Oil Majors Face New Pressure to Disclose Climate Risk to Investors

Investors holding $2 trillion in assets ask regulators to require transparency a day after 98% of BP shareholders demand similar information.

The conical oil drilling unit Kulluk sits grounded off the coast of Alaska. Investor fears about carbon assets becoming uneconomic, or stranded, are being exacerbated by companies’ pursuit of carbon-intensive projects such as Arctic drilling and Canadian oil sands projects. (Credit: U.S. Coast Guard handout photo taken January 3, 2012) Click to Enlarge.
A $2 trillion group of investors will ask regulators on Friday to force oil and gas companies to provide more disclosures about climate-related risks to their businesses.

The request, backed by 62 institutional investors from the U.S. and Europe, is included in an April 17 letter to Mary Jo White, head of the Securities and Exchange Commission.  The comptrollers for New York State and New York City submitted a similar letter to the commission.  The letters are the latest sign of the growing concern from shareholders and others about how fossil fuel companies would fare in a world that’s shifting to low-carbon energy sources.

"We are concerned that oil and gas companies are not disclosing sufficient information about several converging factors that, together, will profoundly affect the economics of the industry," the investors wrote.

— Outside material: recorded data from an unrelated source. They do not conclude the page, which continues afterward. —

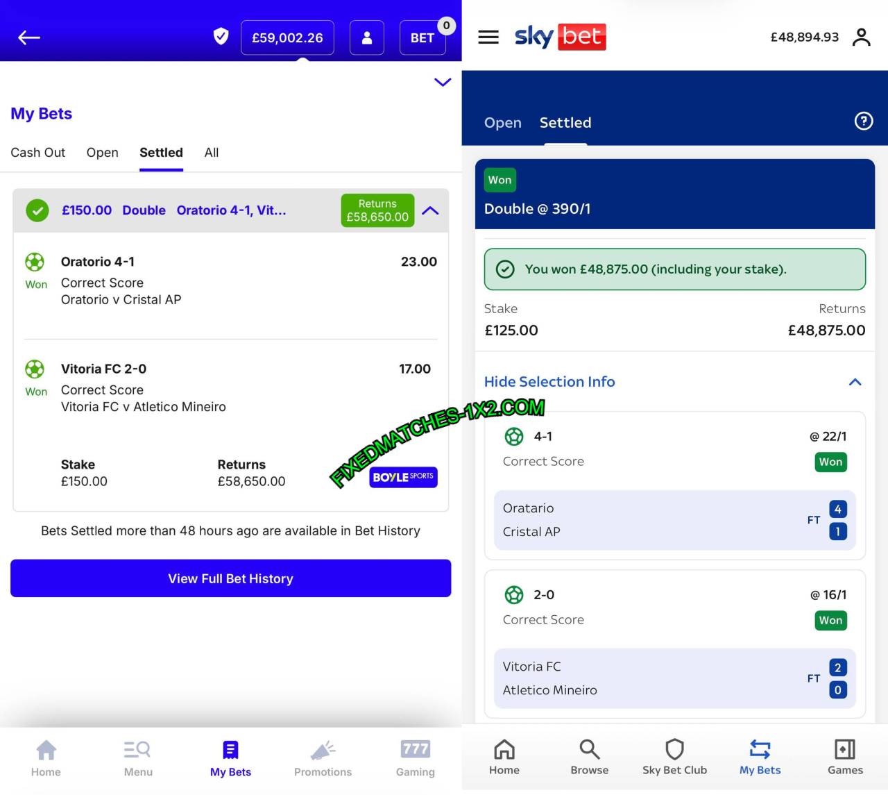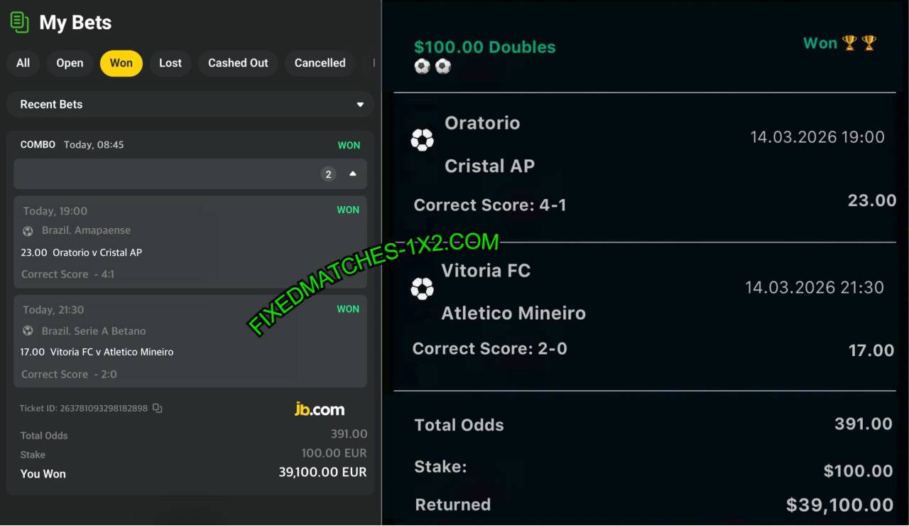 | Vitoria vs Atletico-MG | 2:1 (CS) | 17.00 | FT: 2:1 WIN |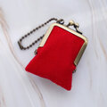 小さなビーズ刺繍のがま口 No.76|レッド×ウール|ネックレス・バッグチャームにも|アクセサリーケース|一点物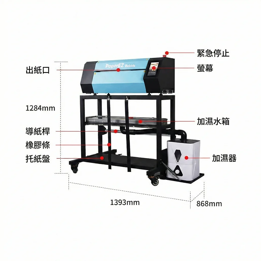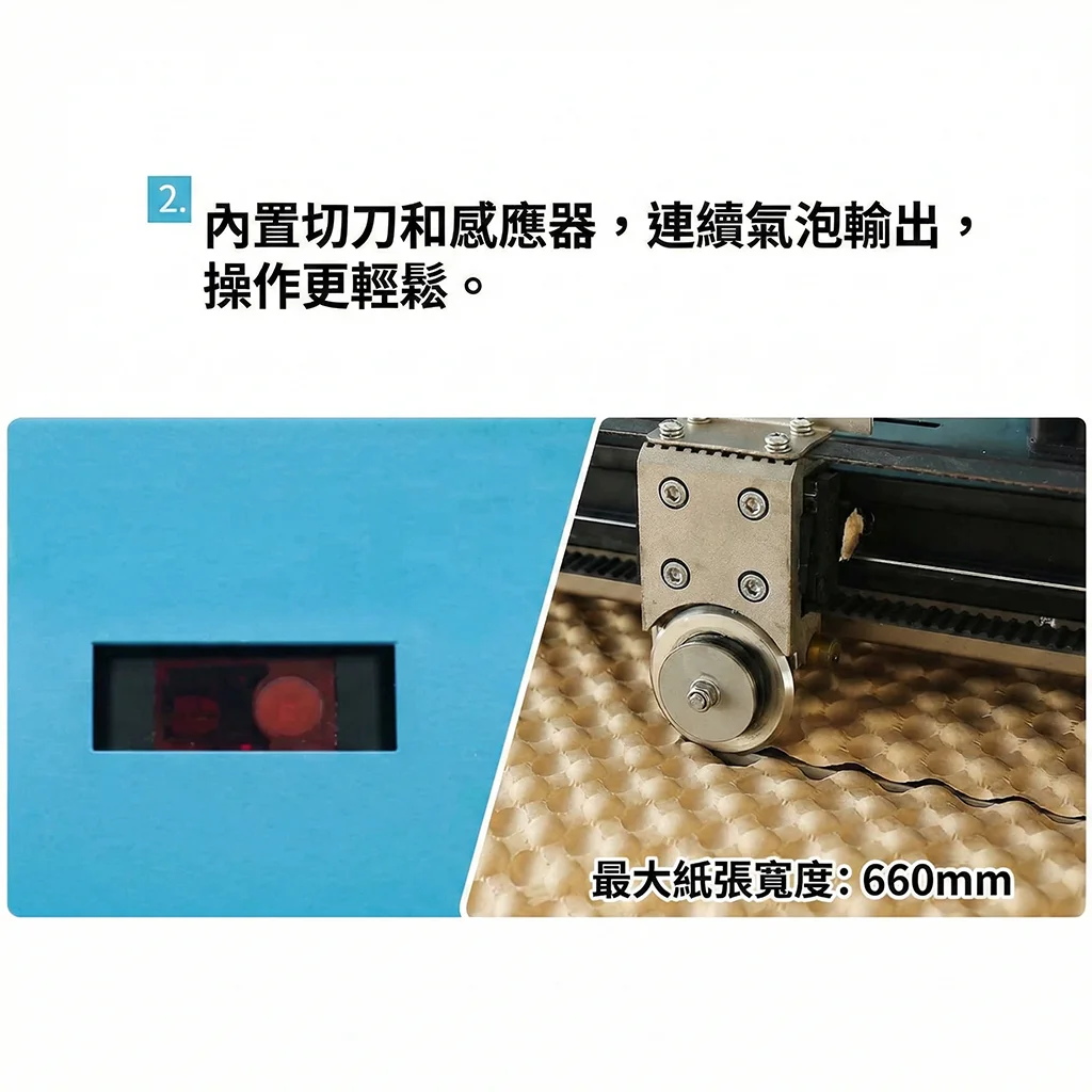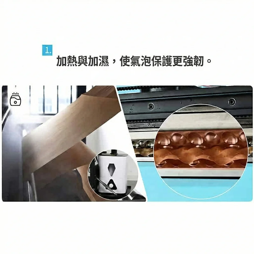 獨家強化技術 (Advanced Technology): 配備創新的加熱與加濕系統,在壓製過程中優化紙張纖維,產出比一般機型更堅固、更持久的紙氣泡,提供極致的緩衝保護。
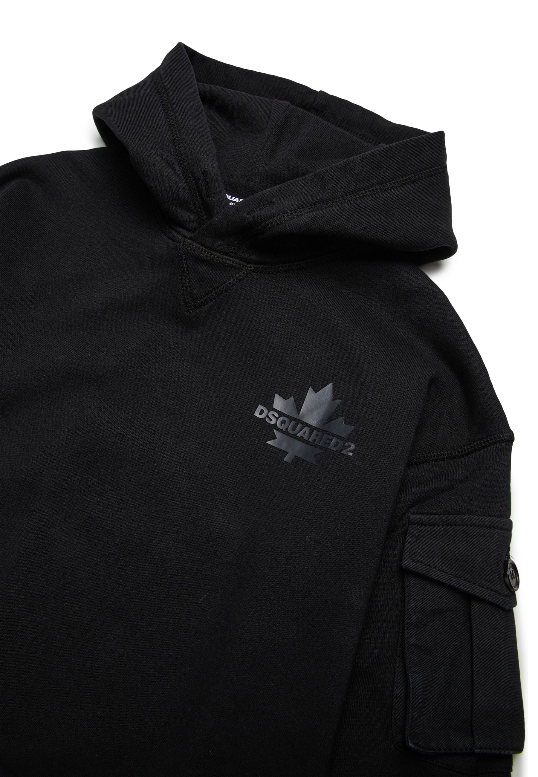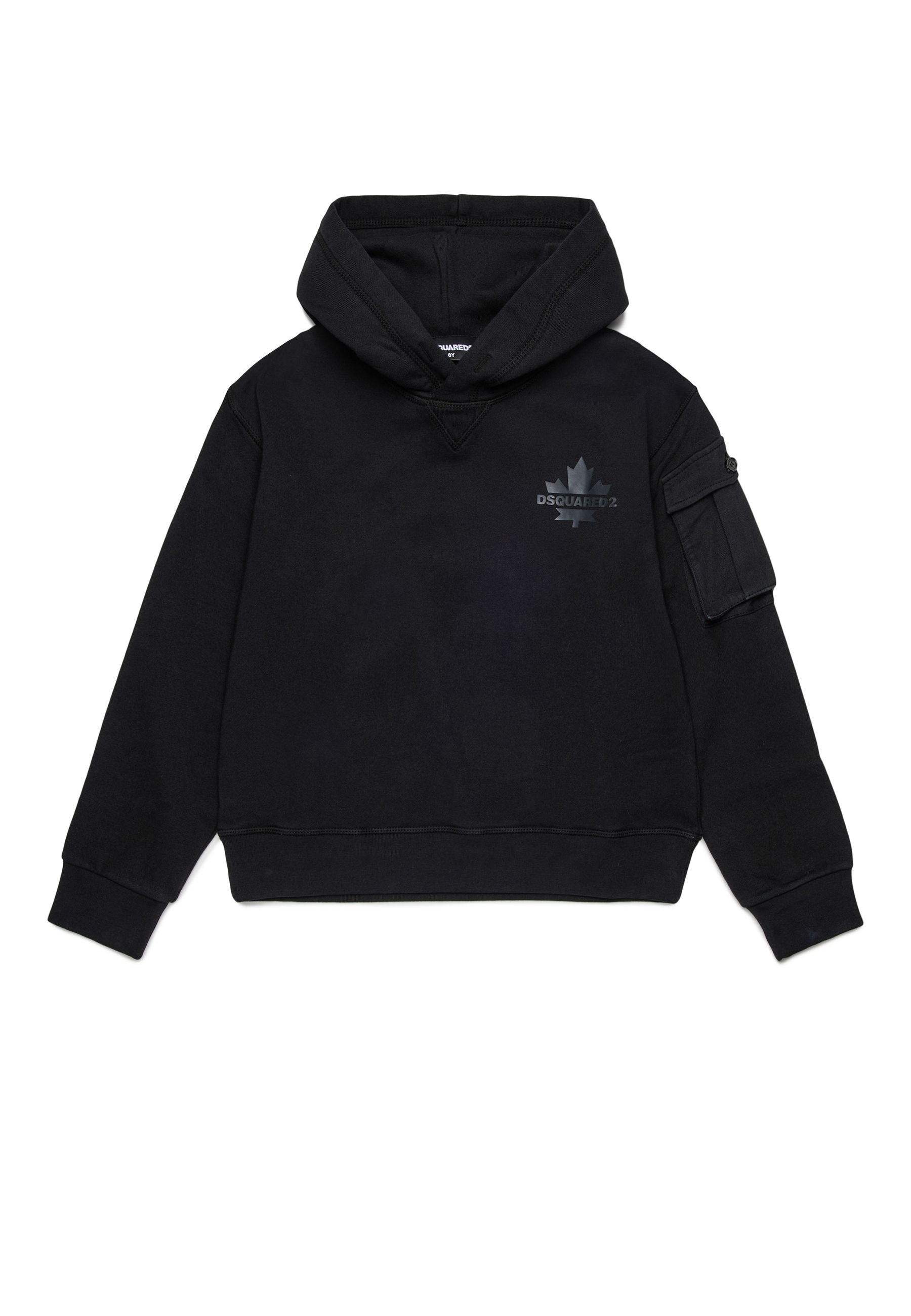 Felpa Dsquared2 esclusiva firmata Bimbivip realizzata in cotone sgarzato morbido e resistente con cappuccio avvolgente maniche lunghe polsi e orlo a coste elegante e confortevole impreziosita da logo gommato della Foglia d'acero sul cuore e taschino in gabardine applicato sulla manica stile raffinato e contemporaneo ideale per famiglie che scelgono qualità autenticità e marchi prestigiosi Bimbivip partner storico affidabile e autorevole nel panorama europeo ecommerce e retail garantisce esperienza di acquisto sicura trasparente e gratificante con attenzione al cliente cura nella selezione e originalità per uno shopping sereno e di valore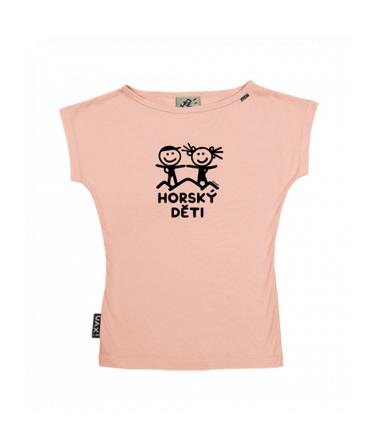 WOMEN'S BOAT NECK T-SHIRT for woman with design 1300 HORSKÝ DĚTI in color PEACH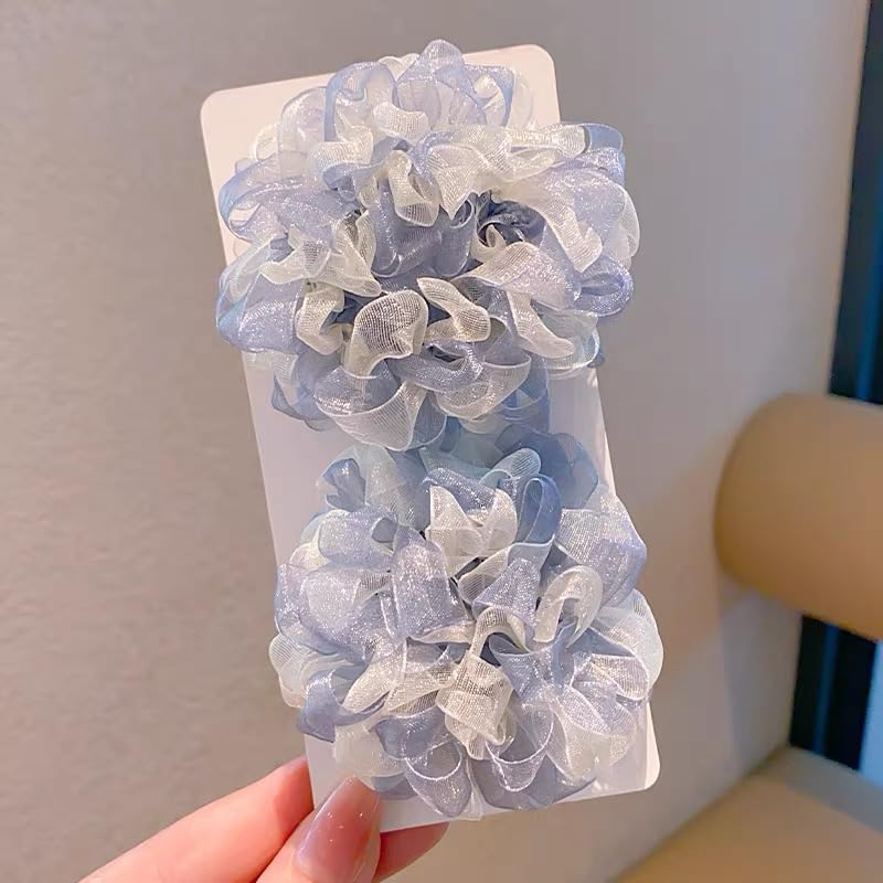 Lemeilleur 10 PCs (5 Pairs) Multicolor Cute Gauzy Elastic Hair Scrunchies for Buns Hair Ties Ponytail holders Band for Girls Kids Cheerleaders Hair Accessories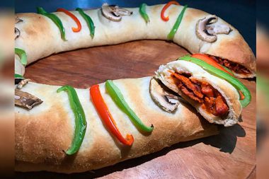 En Yucatán crean rosca de Reyes, que también es pizza, rellena de pastor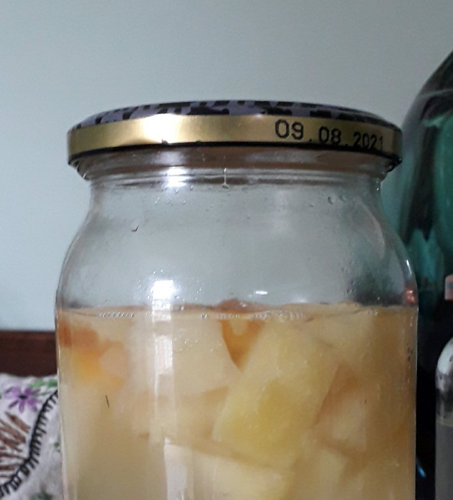 The course also gave us water kefir grains, and these also needed feeding. Water kefir was unfamiliar to me but has been the most successful of the fermented drinks so far. I fed the grains with water and sugar over several days and then drained the liquid off, added fruit (all we had in the house was frozen tropical fruit, which I defrosted before adding to the water kefir water) and left to ferment.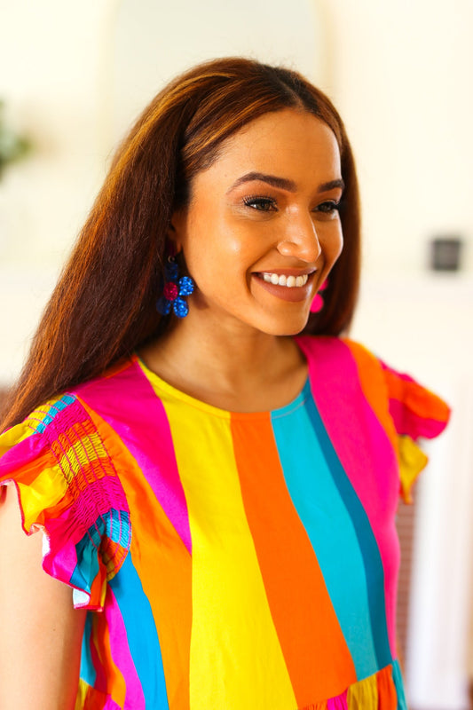 Boho Love Fuchsia Floral Print V Neck Dolman Sleeve Dress

The group cited worries that carbon assets could become uneconomic—or stranded—if climate-related trends permanently undercut prices and demand for fossil fuels.  Those fears are exacerbated by “excessive capital spending on high-cost, carbon intensive projects such as Arctic drilling, ultra deepwater drilling and Canadian oil sands projects," the investors wrote. 

"We have found an absence of disclosure in SEC filings regarding these material risks," said the investor group, which was organized by the sustainability group Ceres.

On Thursday, shareholders of oil giant BP reinforced the importance of such disclosures by overwhelmingly approving a measure that requires the company to provide more robust yearly climate change-related information, including data about the viability of BP projects in a low-carbon economy.

The disclosures are designed to allow investors "to judge whether BP is positioning itself to be a sustainable player in the energy system," said Edward Mason, head of responsible investment at the Church Commissioners, the Church of England.  The church was part of a broad coalition backing the BP resolution.

The BP measure was approved by more than 98 percent of the shares voted, surpassing the 75 percent benchmark for making the resolution binding under British law.  Beginning next year, BP must disclose efforts to cut carbon emissions; whether company projects will be viable in a low-carbon economy; the company's investment in low-carbon energy technology; executive incentives tied to the low-carbon transition; and BP’s lobbying on climate-related public policy.